Typed async middleware chain where every task receives (next, state) and advances the queue by calling next().

The core architecture is a typed middleware chain inherited from PathRipper's Transformer class, rewritten in TypeScript. Every task receives (next, state). Calling next() advances to the next task; not calling it terminates the chain.

Problem being solved: Ripperoni scrapes multiple pages from multiple sources with domain-specific extraction logic per site. The pipeline decouples HTTP machinery from parsing logic. A task either advances the queue or terminates early to skip remaining tasks (e.g. if parsing fails, don't write to disk). The same state object flows through the entire chain; no copying, no callbacks collecting results.

State mutation contract: TState extends Record<string, unknown>. Tasks mutate the state reference directly. The pipeline passes the same object to every task in sequence; the caller receives the mutated reference after execute() returns. This avoids async callback nesting and lets each task read what previous tasks wrote.

Early termination semantics: A task that doesn't call await next() stops the chain. This is how you halt processing without throwing: set an error flag on state, skip next(), and the write task sees the flag and decides whether to write. The pipeline doesn't inspect state; it just runs whatever tasks called next() in their callbacks.

mermaid

sequenceDiagram
    participant Caller
    participant Pipeline
    participant FetchTask as html:fetch
    participant ParseTask as mysite:parse (plugin)
    participant WriteTask as json:write

    Caller->>Pipeline: execute(state)
    Pipeline->>FetchTask: (next, state)
    FetchTask->>FetchTask: fetch URL, load HTML
    FetchTask->>FetchTask: state.input.html = body
    FetchTask->>Pipeline: await next()
    Pipeline->>ParseTask: (next, state)
    ParseTask->>ParseTask: $ = cheerio(html)
    ParseTask->>ParseTask: state.output = {...}
    ParseTask->>Pipeline: await next()
    Pipeline->>WriteTask: (next, state)
    WriteTask->>WriteTask: write state.output to disk
    WriteTask->>Pipeline: await next()
    Pipeline-->>Caller: state

The ScrapeOrchestrator builds the pipeline per page.
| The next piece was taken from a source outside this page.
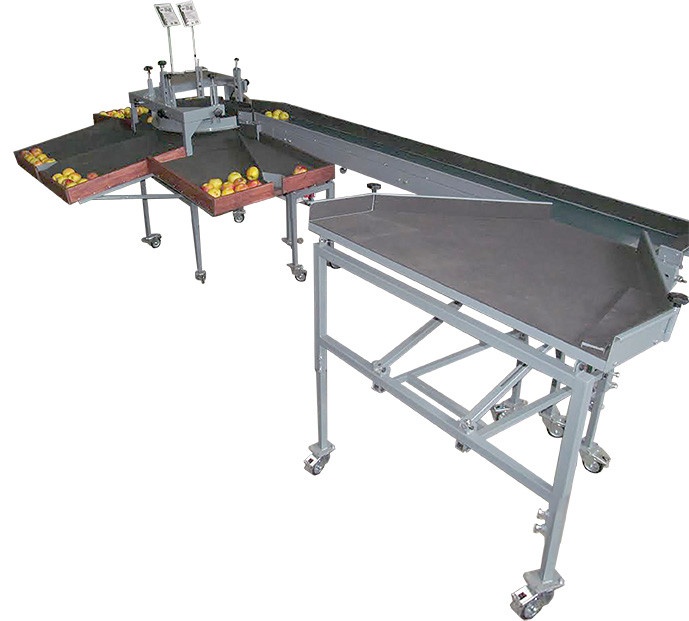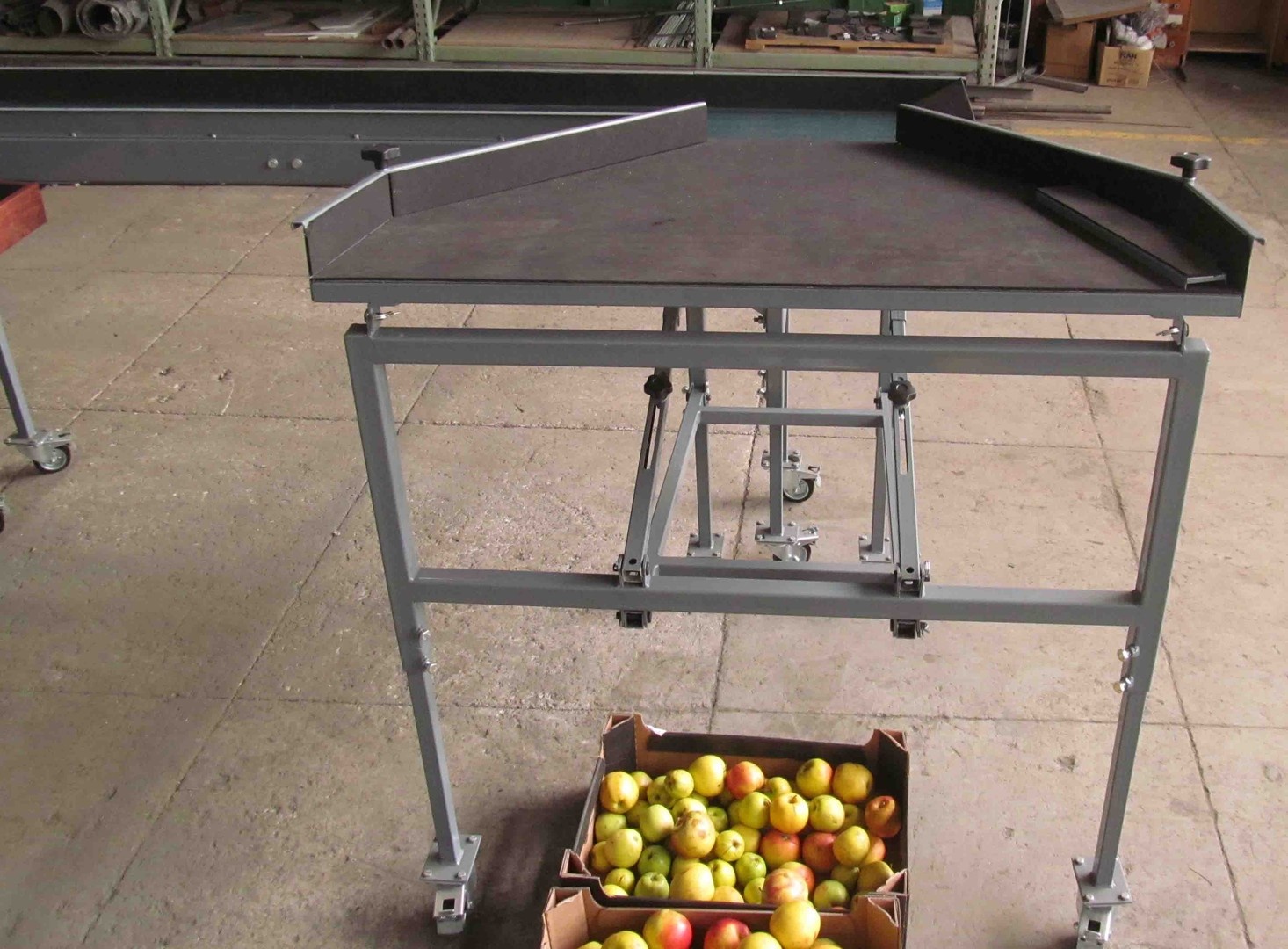 5. Откалиброванные фрукты собираются по фракциям на столах с мягким покрытием. Столы устанавливаются на оптимальной, эргономичной рабочей высоте.

A user-registered <targetId>:parse task (from a plugin file declared in config) runs first and sets state.output. If no parse task is registered the orchestrator falls back to raw WikitextParser output. A write-to-disk task is always added last by the orchestrator.

const pipeline = new Pipeline<PipelineStateInterface>({ name: 'my-target' });
if (TaskRegistry.has('my-target:parse')) {
  pipeline.addTask(TaskRegistry.get('my-target:parse'));
}
pipeline.addTask(async (next, state) => {
  await next();
  await writeFile(outputPath, JSON.stringify(state.output ?? fallback));
});
await pipeline.execute(PipelineState.fromWikiPage('my-target', page));

Task signature

type TaskFnType<TState> = (next: NextFnType, state: TState) => Promise<void>

TState must extend Record<string, unknown>. Tasks mutate state directly; the pipeline passes the same reference through the chain.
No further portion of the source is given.